2.3. Volume Constraint Model (VCM)

Miranda et al. [21] suggested a method to determine the scaling factor $\eta$ at each pixel using the measured water diffusion tensor $\mathbf{D}$ and the values of equivalent isotropic conductivity ${\sigma }_{iso}$ for different brain tissues from the given literature [30,31,32,35] as follows:

$$\mathbf{C}=\frac{3{\sigma }_{iso}}{trace\left(\mathbf{D}\right)}\mathbf{D}=\eta \mathbf{D}$$

(9)

where trace$\left(\mathbf{D}\right)$ is the sum of the three eigenvalues of $\mathbf{D}$. In this paper, the conductivity phantom, ${\sigma }_{iso}$ was replaced by a measured conductivity value using an impedance analyzer. For the human brain, we used the literature values of ${\sigma }_{iso}$ = 0.14, 0.27, and 1.79 S/m for the WM, GM, and cerebrospinal fluid (CSF), respectively, [30,31,32,35].

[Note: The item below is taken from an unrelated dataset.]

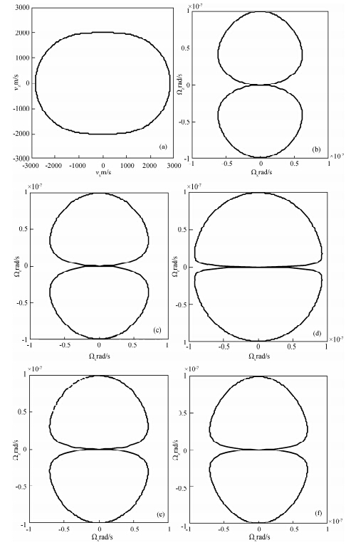 图 2 TI介质qSV波最大旋转速度及相速度 (a)为模型2中qSV波相速度;(b)为模型1中qSV波最大旋转速度;(c)为模型2中qSV波最大旋转速度;(d)为模型3中qSV波最大旋转速度;(e)为模型4中qSV波最大旋转速度;(f)为模型5中SV波最大旋转速度. Fig. 2 The maximum peak rotational rate and phase velocity of qSV wave in TI media (a)The phase velocity of qSV wave in the second model;(b)The maximum peak rotational rate of qSV wave in the first model;(c)The maximum peak rotational rate of qSV wave in the second model;(d)The maximum peak rotational rate of qSV wave in the third model;(e)The maximum peak rotational rate of qSV wave in the forth model;(f)The maximum peak rotational rate of qSV wave in the fifth model. |

2.4. Volume Fraction Model (VFM)

For the brain tissue, Wang et al. assumed that movements of water molecules and ions are constrained by its multi-compartment environment including axons, glial cells, and CSF [22]. The measured diffusion tensor $\mathbf{D}$ was expressed as

$$\mathbf{D}=\mathbf{S}diag(d_l,d_{t1},d_{t2}){\mathbf{S}}^T$$

(10)

where $d_l,d_{t1}$, and $d_{t2}$ are the eigenvalues of $\mathbf{D}$ along the longitudinal and two transversal directions, respectively. Although the WM may include myelinated axons with various directions, the researchers assumed that three groups of the WM exist with their longitudinal directions in parallel to the longitudinal and two transversal directions of the measured diffusion tensor $\mathbf{D}$. In addition, they assumed that the volume fractions of the three WM groups and the remaining isotropic tissues are ${\alpha }_l,{\alpha }_{t1},{\alpha }_{t2}$, and ${\alpha }_{iso}$. Therefore, for this multi-compartment model, the following equations can be obtained:

$$\left\{\begin{array}{c}{\alpha }_l{e}^{-b{d}_l^W}+{\alpha }_{t1}{e}^{-b{d}_{t1}^W}+{\alpha }_{t2}{e}^{-b{d}_{t2}^W}+(1-{\alpha }_l-{\alpha }_{t1}-{\alpha }_{t2})e^{-b{d}_{iso}}=e^{-b{d}_l}\hfill \\ {\alpha }_l{e}^{-b{d}_{t1}^W}+{\alpha }_{t1}{e}^{-b{d}_l^W}+{\alpha }_{t2}{e}^{-b{d}_{t2}^W}+(1-{\alpha }_l-{\alpha }_{t1}-{\alpha }_{t2})e^{-b{d}_{iso}}=e^{-b{d}_{t1}}\hfill \\ {\alpha }_l{e}^{-b{d}_{t2}^W}+{\alpha }_{t1}{e}^{-b{d}_{t1}^W}+{\alpha }_{t2}{e}^{-b{d}_l^W}+(1-{\alpha }_l-{\alpha }_{t1}-{\alpha }_{t2})e^{-b{d}_{iso}}=e^{-b{d}_{t2}}\hfill \end{array}\right.$$

(11)

where $d_{iso}$ is the diffusion coefficient of the isotropic tissues; $d_l^W,d_{t1}^W$, and $d_{t2}^W$ are the diffusion coefficients of the WM in the longitudinal and two transversal directions, respectively; and ${\alpha }_l+{\alpha }_{t1}+{\alpha }_{t2}+{\alpha }_{iso}=1$.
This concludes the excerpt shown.